Television personality, model, and bartender (born 1985)

Tribble Reese (Herbert Tribble Reese; born July 27, 1985) is an American television personality, model, bartender, and ex-college athlete.

== Career ==
Reese is best known for starring in season 2 of Sweet Home Alabama, an eight episode CMT television series, produced by Glassman Media ("Three Wishes"). Reese was also ranked among the top 50 Hot Bachelors of 2008 by Cosmopolitan magazine, where he was named South Carolina's Bachelor of the Year.

Reese grew up in Birmingham, Alabama, and began playing football in 1993. He played football while attending Mountain Brook High School in Mountain Brook, Alabama, a Birmingham suburb, where he was ranked in 2004 as the 15th dual-threat quarterback in the nation by Rivals.com. An ex-college NCAA Division I Big South Conference football quarterback. He was a backup quarterback at Clemson University before transferring and becoming the starting quarterback at Charleston Southern University, another NCAA Division I school based out of South Carolina.

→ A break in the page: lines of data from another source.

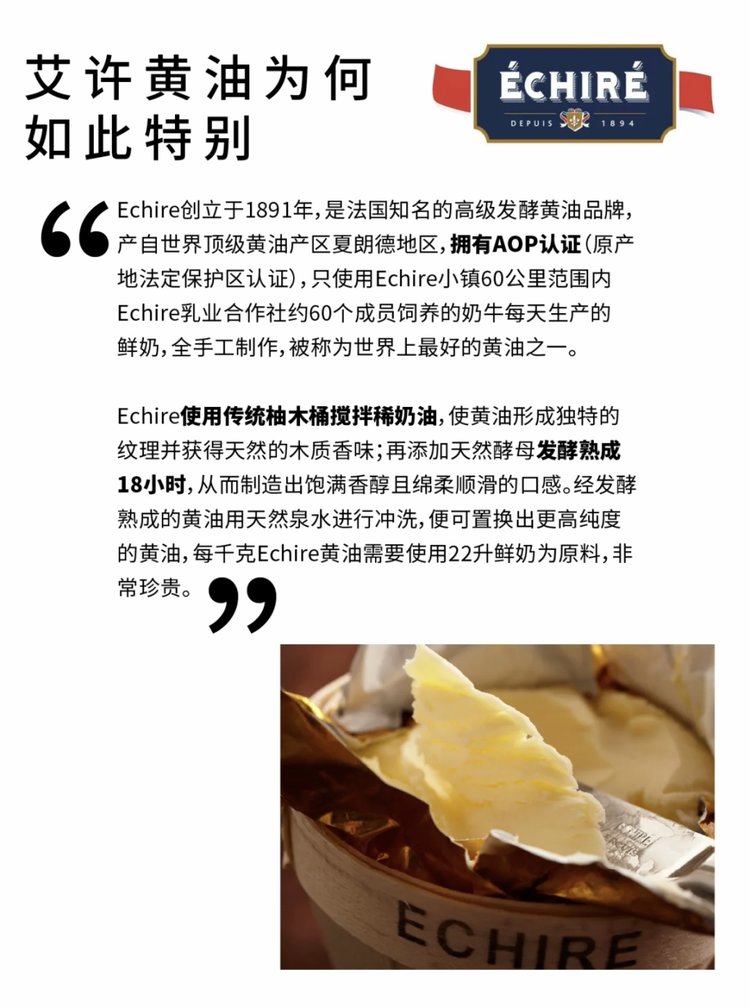 最重要的就是黄油品牌,艾许黄油拥有130年历史天花板级别的黄油品牌高级的食材,健康的美味,一定要试一下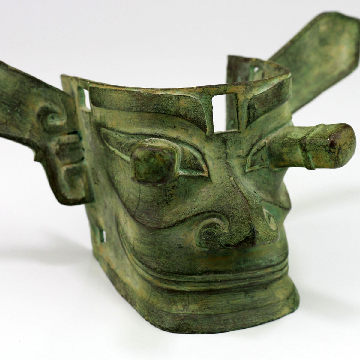 Diese eindrucksvollen und einzigartigen Funde der chinesischen Masken und Bronzeköpfe aus der frühen Shu-Kultur der Shang- und Zhou-Zeit ( 2800–800 v. Chr.) waren übergroß, teils vergoldet oder bemalt und sollen dem Ahnenkult gedient haben.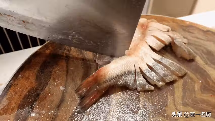 1.準備新鮮的鱸魚一條,先用刀颳去魚鱗,去掉魚鰓,從魚頭處下刀,去掉魚頭,再從魚背處片開,去除內臟,把魚骨去掉平鋪在菜板上,用刀切成一厘米寬的長條,清洗乾淨放入盆中。

As a back-up quarterback with the Clemson Tigers, Reese roomed with Demayne Board and accumulated two touchdowns and a 62.5 completion percentage in the 2006–2007 season. His transfer to CSU as a fifth-year MBA student placed Reese in the position of the school's first-string quarterback, a move that has expanded his existing game stats to include 21 touchdowns, 1,961 yards passing, and a 133.5 quarterback efficiency rating. Reese also had a stint of arena football in Charlotte, North Carolina with the Carolina Speed in 2009.

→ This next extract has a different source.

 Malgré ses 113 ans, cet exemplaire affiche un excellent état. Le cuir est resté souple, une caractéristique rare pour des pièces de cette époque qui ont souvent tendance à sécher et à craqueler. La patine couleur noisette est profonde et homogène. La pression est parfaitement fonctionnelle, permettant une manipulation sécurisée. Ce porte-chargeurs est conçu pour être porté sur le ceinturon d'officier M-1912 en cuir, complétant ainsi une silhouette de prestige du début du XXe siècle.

Tribble is involved with local charities including Angel Ride in Mobile, Alabama, The Exceptional Foundation in Birmingham and others around the Atlanta area.

Reese stars as himself in the 2013 Bravo Reality Series "The New Atlanta".

Reese played football again in 2014 for the Elmshorn Fighting Pirates – a second division team in Germany. Reese completed 158 of 298 pass attempts through twelve games for 2,483 passing yards and 18 touchdowns. He finished third in the division in passing yards per game (206,9 avg/Game).